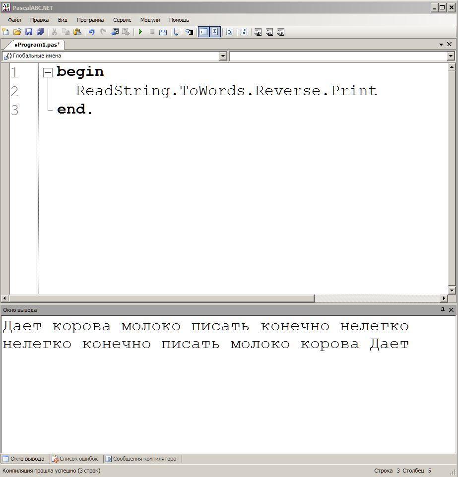 100 БАЛЛОВ!!!!!!! ПОМОГИТЕ ПОЖАЛУЙСТА Дана строка, состоящая из русских слов, разделенных пробелами (одним или несколькими). Вывести строку, содержащую эти же слова, разделенные одним пробелом и расположенные в обратном порядке.
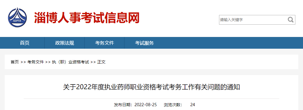 淄博關(guān)于2022年度執(zhí)業(yè)藥師職業(yè)資格考試考務(wù)工作有關(guān)問題的通知
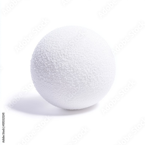 Snowball white. White Styrofoam ball with a textured surface, isolated on a clean white background, showing fine details of its structure.
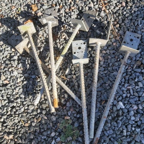 6 stk.Jordspyd til stolper pr. Stk. Kr. 15,- alle for kr. 75,-

→ Task instructions
Return an exact transcription of the material, with its pictures left out.

→ Response box
 100 БАЛЛОВ!!!!!!! ПОМОГИТЕ ПОЖАЛУЙСТА Дана строка, состоящая из русских слов, разделенных пробелами (одним или несколькими). Вывести строку, содержащую эти же слова, разделенные одним пробелом и расположенные в обратном порядке.
 淄博關(guān)于2022年度執(zhí)業(yè)藥師職業(yè)資格考試考務(wù)工作有關(guān)問題的通知
 Snowball white. White Styrofoam ball with a textured surface, isolated on a clean white background, showing fine details of its structure.
 6 stk.Jordspyd til stolper pr. Stk. Kr. 15,- alle for kr. 75,-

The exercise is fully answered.